Muscle-ups (1 are or for max reps)

Ring Muscle-Ups

If we are working towards our first ring muscle-ups, complete:

30 Banded Strict Ring Muscle-Ups -(http://youtu.be/jtmu_0qVZnk)

Not for time, but for quality. Choose a band tension that allows for ~7-10 unbroken repetitions.

Front Squat

On the 1:30 x 7 Sets:
1 Pausing Front Squat
1 Front Squat

All repetitions are taken from the rack. On the pausing repetition, pause for a full 3 seconds in the bottom of our squat.

Set #1 – 55% of 1RM Front Squat
Set #2 – 60%
Set #3 – 65%
Set #4 – 70%
Sets #5+6+7 – Build to a Heavy Complex


Specific Primer for “Satans Whiskers”:
2 Rounds, building intensity into the second round:

3 CTB Pull-Ups
3 Front Squats
3 Barbell-Facing Burpees
1 CTB Pull-Up
1 Front Squat
1 Barbell-Facing Burpee

The chance to move through the single repetitions at each station trains our transitions, which is indeed a significant factor in such a short workout. On the first round, complete with a loading that is beneath our workout load. On the second round, complete with your training weight. Following, rest 4:00, and begin.

Satan’s Whiskers (Time)

3 Rounds:
10 CTB Pull-Ups
10 Front Squats (165/110)
10 Barbell-Facing Burpees

A short, yet high intensity triplet as the heart of our conditioning today.
Stimulus wise, we are looking for a front squat loading that we are confident we could complete for 15+ repetitions unbroken, when fresh.

Looking at the workout as a whole, the burpees become the pacer. It can be helpful to start here, recognizing that breaks on the other two movements can be costly in terms of time. If we break on the front squat barbell one extra time than we needed to, we are likely setting ourselves back 15+ seconds, often more. Extra breaks on the pull-up bar are less time consuming, yet, they can add up very quickly as well, especially if we do not manage our repetitions well.

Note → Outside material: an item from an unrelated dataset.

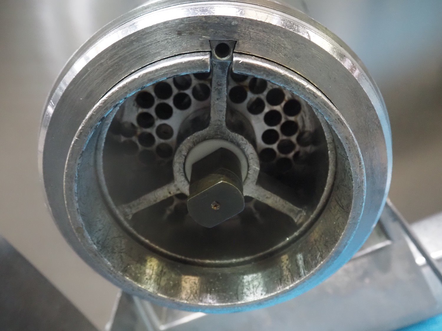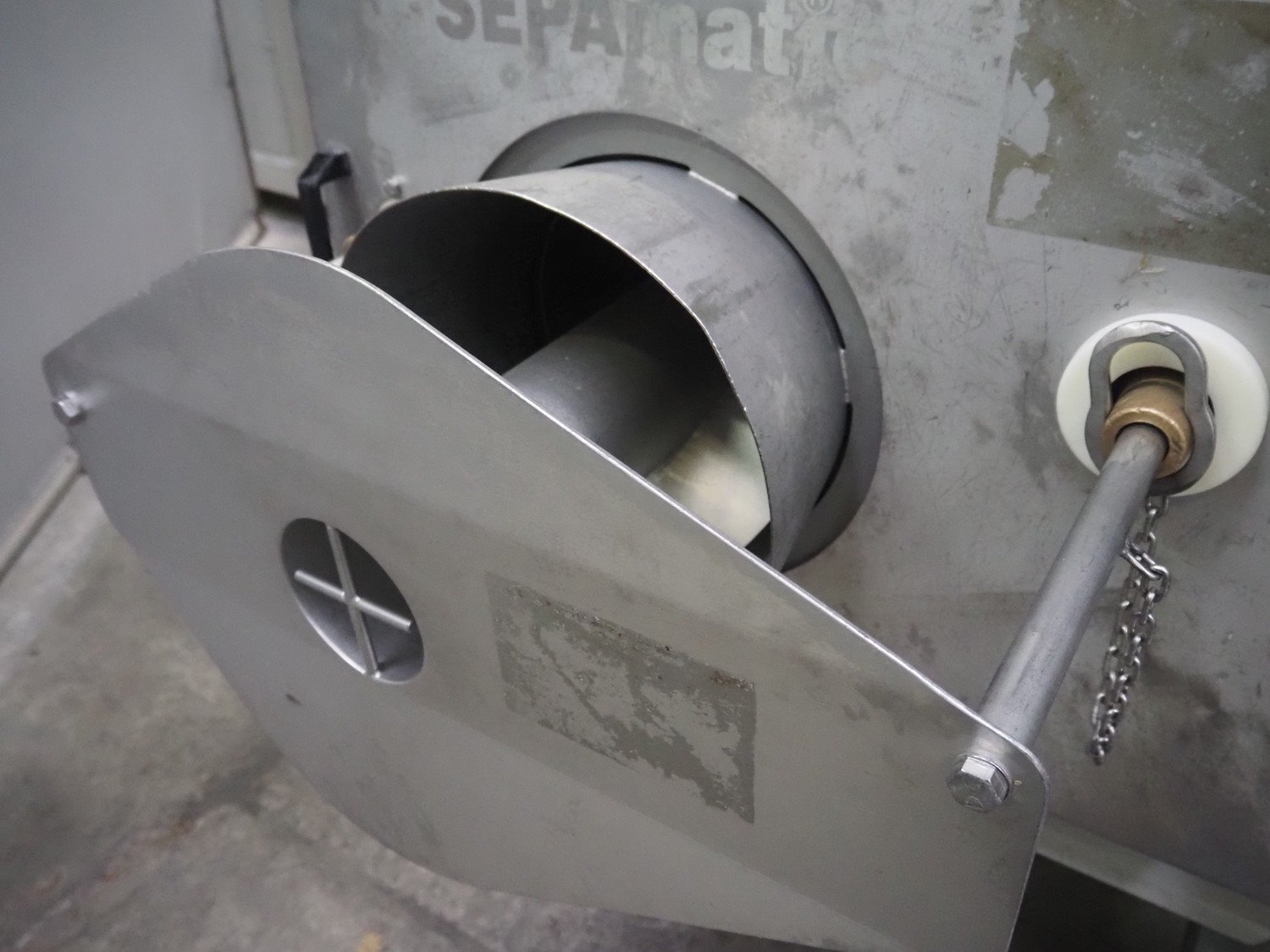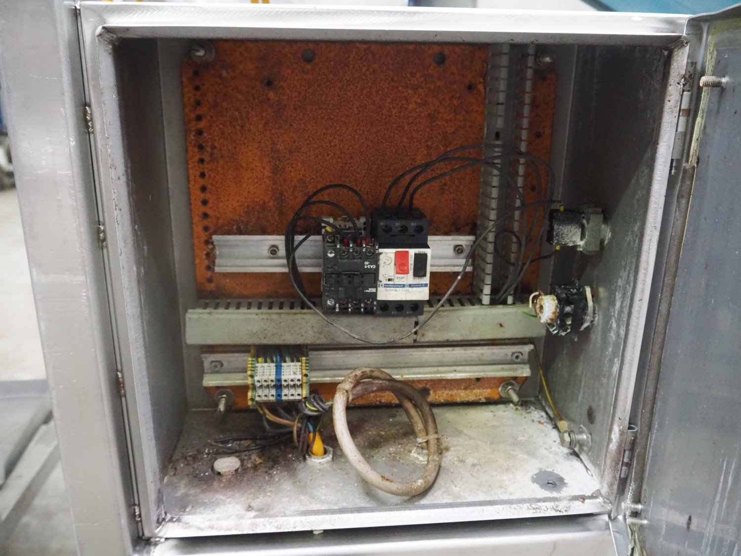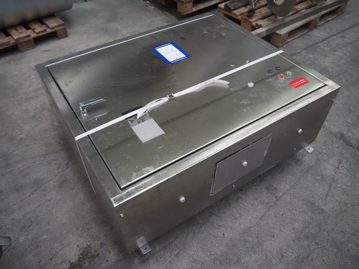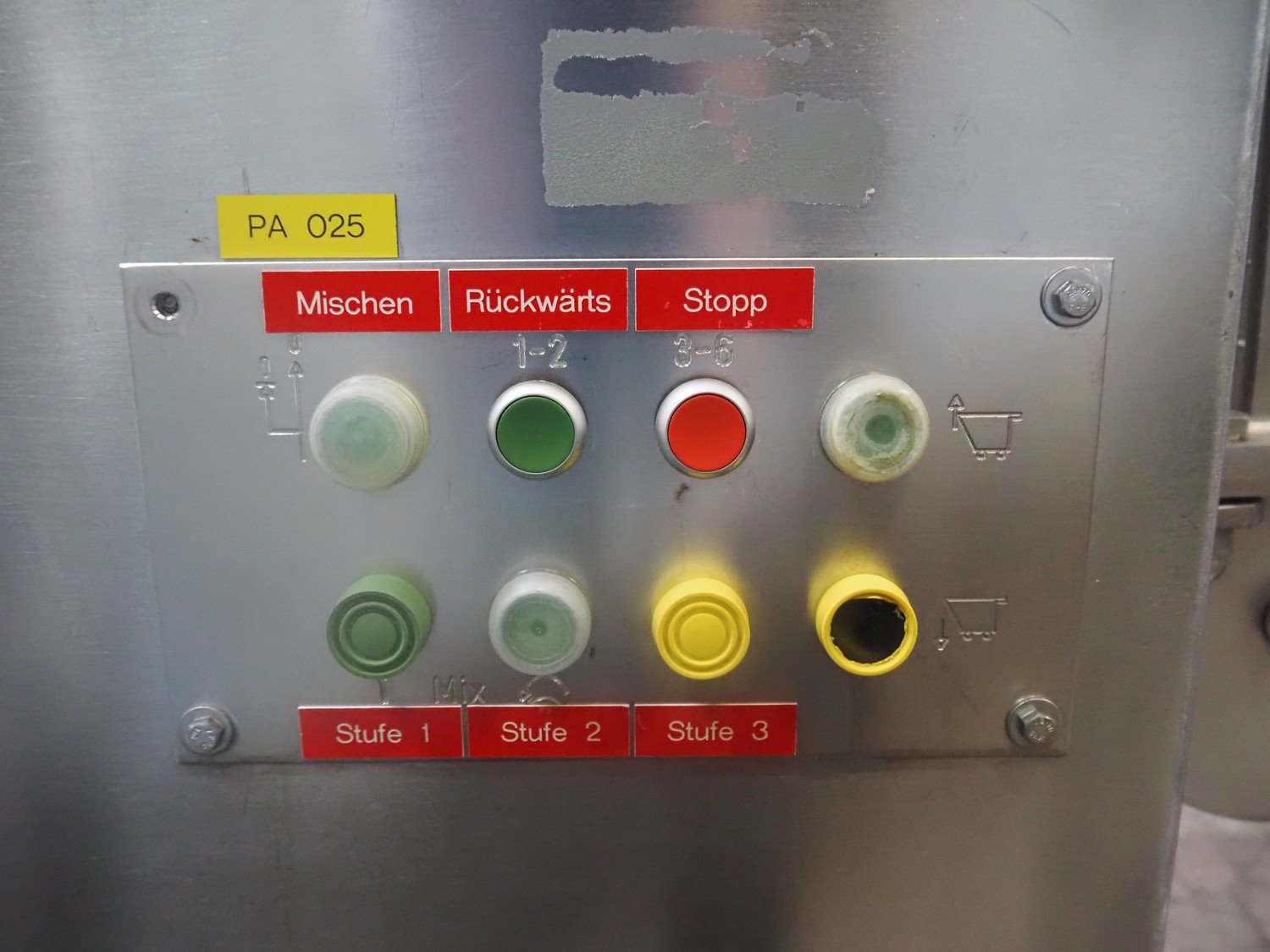 Grinder / separator line, consisting of: Seydelmann mixer-grinder with lifter for 200 liter meat bins, type: MG160B, machine number: 92379-1, 380 V, 50 Hz, 70 A, plate diameter: 160 mm, dimensions: 2000 mm x 1700 mm x 2200 mm. Switch cabinet, dimensions: 1230 mm x 1000 mm x 600 mm. Mobile elevating belt, s/s frame, plastic belt, belt width: 370 mm, elevating height: 1950 mm, total dimensions: 2950 mm x 850 mm x 2080 mm. Sepamatic separator, type: SEPA 1200, machine number: 195712, 400 V, 50 Hz, 12 A, 6 kW, 24 volt, plastic belt, belt width: 180 mm, perforations: 3 mm, total dimensions: 1500 mm x 1400 mm x 1750 mm. S/s trolley with extra drum, perforations: 4 mm, total dimensions: 850 mm x 700 mm x 1100 mm.

Our “pacing” speed on the burpees, said another way, is relative to how well we can move through the pull-ups and front squats. For the reasons above, we want to first place our effort in those two movements knowing the time that ticks away when we break them up excessively. And if to maintain consistent sets on rounds two and three requires us to pace the burpees quite a bit.. that’s going to be our best effort.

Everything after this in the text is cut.